** EXERCISE OBJECTIVE **
Restate, exactly and without pictures, the lines from the start of the listing below through the line holding "Pyydämme ilmoittamaan palveluista".

** INFORMATION SUPPLIED **
····················
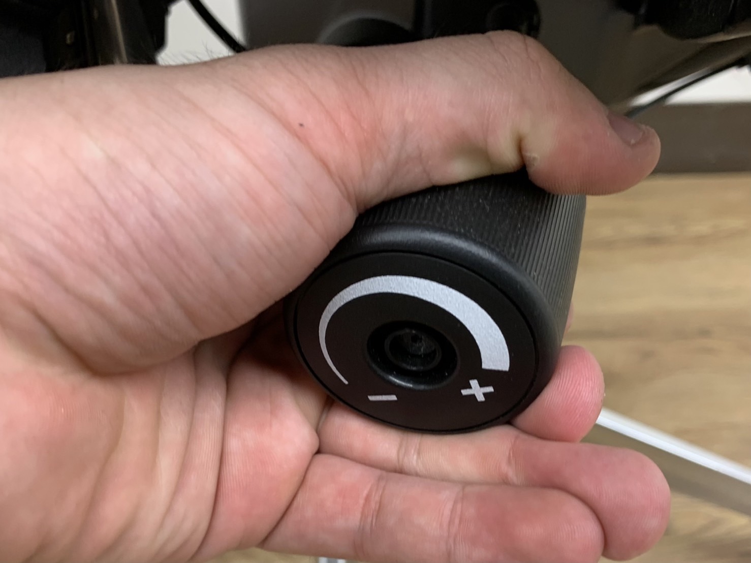 右手を自然に下ろした位置にあるダイヤルでお好みの強さに調整できます。
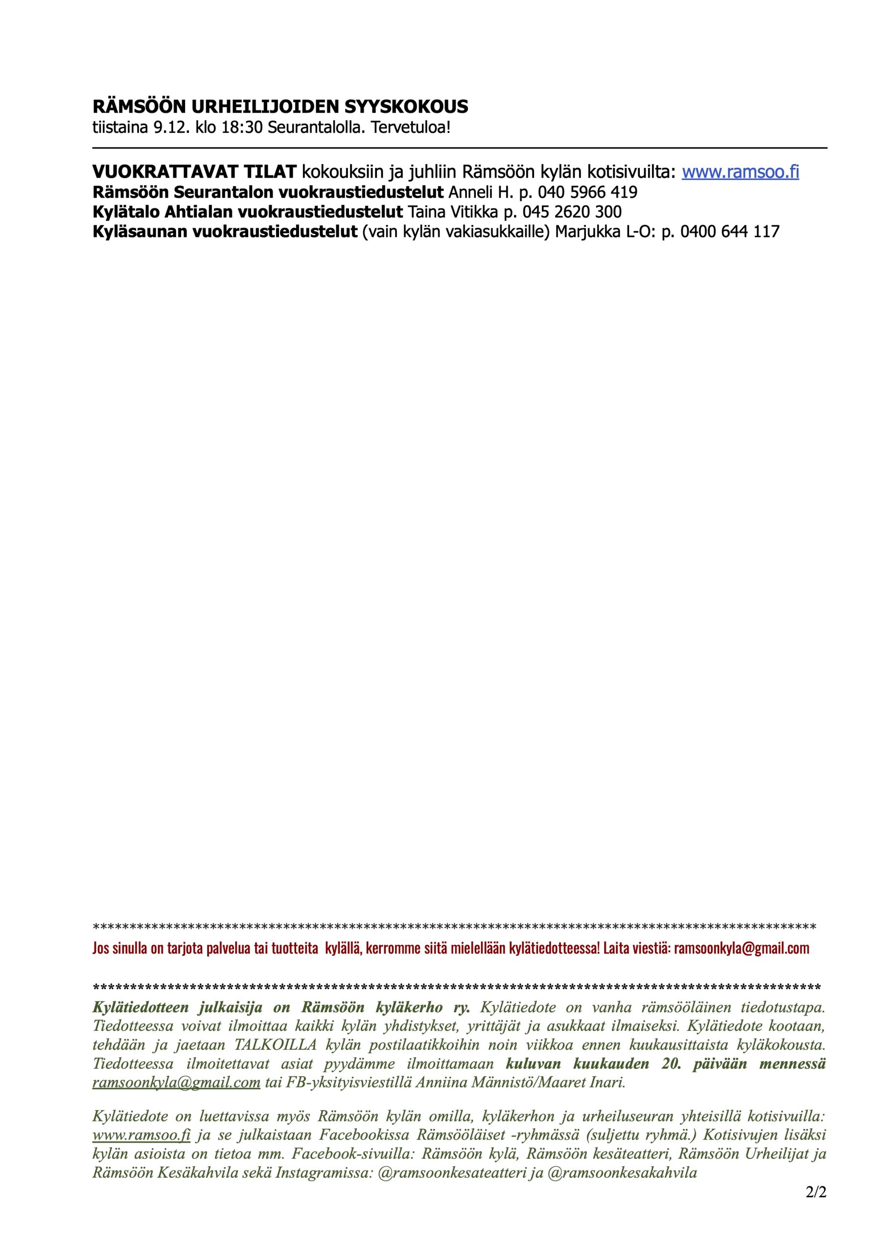 Pyydämme ilmoittamaan palveluista ja vuokrattavista laitteista ym. ramsoo(a)ramsoo.fi tai p. 0400 644117
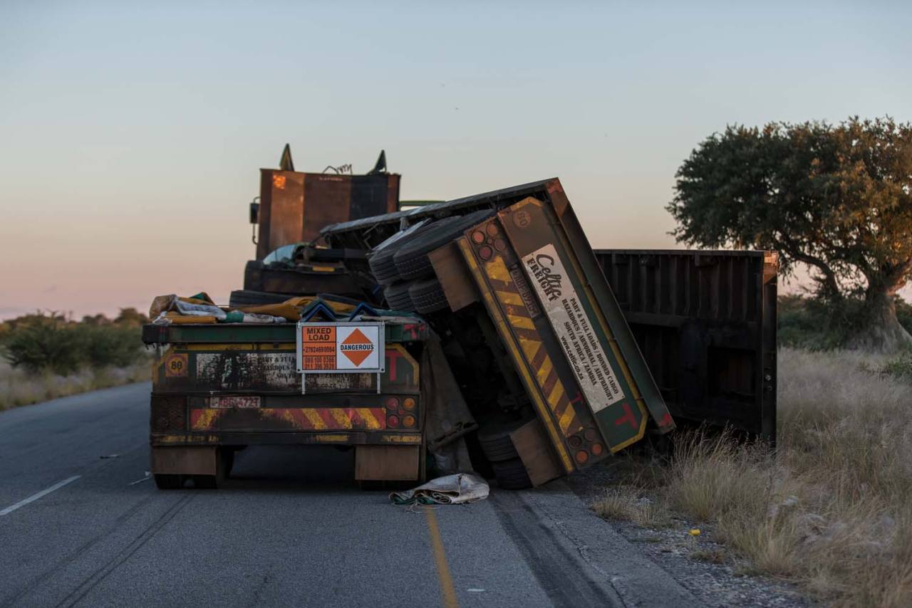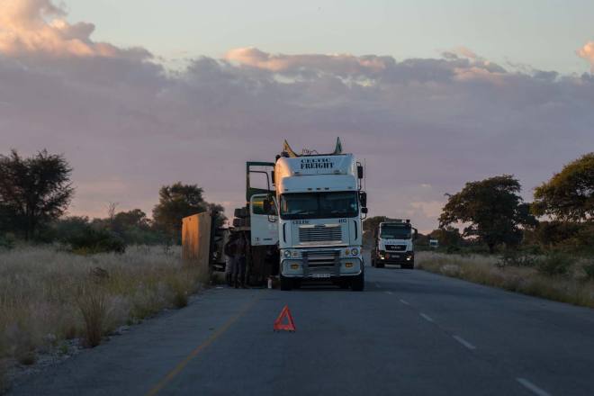 So weit, so normal im Süden Afrikas, wo derartige Missgeschicke fast schon alltäglich sind. Über einen schlecht beleuchteten Havaristen am Straßenrand oder Mängel bei der Ladungssicherung regt sich in Botswana kaum jemand auf. Völlig surreal wird das Bild allerdings beim neugierigen Blick hinter den heruntergefallenen Trailer: Da stehen zwei schwarze Jungs und vertreiben sich die Zeit mit – Gewichtheben. Ein altes Rohr dient als Hantelstange, an der auf jeder Seite vier rostige Zahnräder als Gewichte montiert sind. Eine primitiv zusammengezimmerte Holzbank vervollständigt die Einrichtung des Freiluft-Gyms. Offenbar machen die beiden Trucker – ein Dritter schaut sich das Ganze aus einigen Schritten Entfernung an – das nicht zum ersten Mal, ihre Körper sind mustergültig austrainiert und die Muskelpakete beachtlich. „Ja, wir warten auf den Kran, der den Auflieger wieder auf den anderen Trailer hebt,“ bestätigen sie mit einem Gesichtsausdruck der deutlich macht, dass es einerseits dauern kann, bis hier im Norden Botswanas ein geeigneter Mobilkran aufgetrieben ist, was sicher auch daran liegen könnte, dass erst geklärt werden muss, wer die Bergung wann bezahlt. Und dass sie andererseits gewohnt sind, auf irgendetwas zu warten. Auf die Ladung, auf den Zöllner, auf einen besseren Job, vielleicht auf ein besseres Leben oder eine andere Frau, die ihre Muskeln bewundert und möglicherweise sogar ein wenig mehr. Eine massive Kette liegt auf der Straße, der Gaskocher steht zwischen den Zwillingsreifen, Kochgeschirr, Küchenutensilien und Nahrungsmittel verteilen sich irgendwo auf Trittstufen und dem typischen Ami-Tank und wer aus Europa kommt und eine ungefähre Ahnung davon hat, wie Ladungssicherung einigermaßen sicher funktioniert, sollte nicht auf die beiden schmalen Gurte mit den vielen Knoten schauen, mit denen der alte Truck auf der Ladefläche des intakten Trailers verzurrt ist.
····················
** EXERCISE RESPONSE **
 右手を自然に下ろした位置にあるダイヤルでお好みの強さに調整できます。
 Pyydämme ilmoittamaan palveluista ja vuokrattavista laitteista ym. ramsoo(a)ramsoo.fi tai p. 0400 644117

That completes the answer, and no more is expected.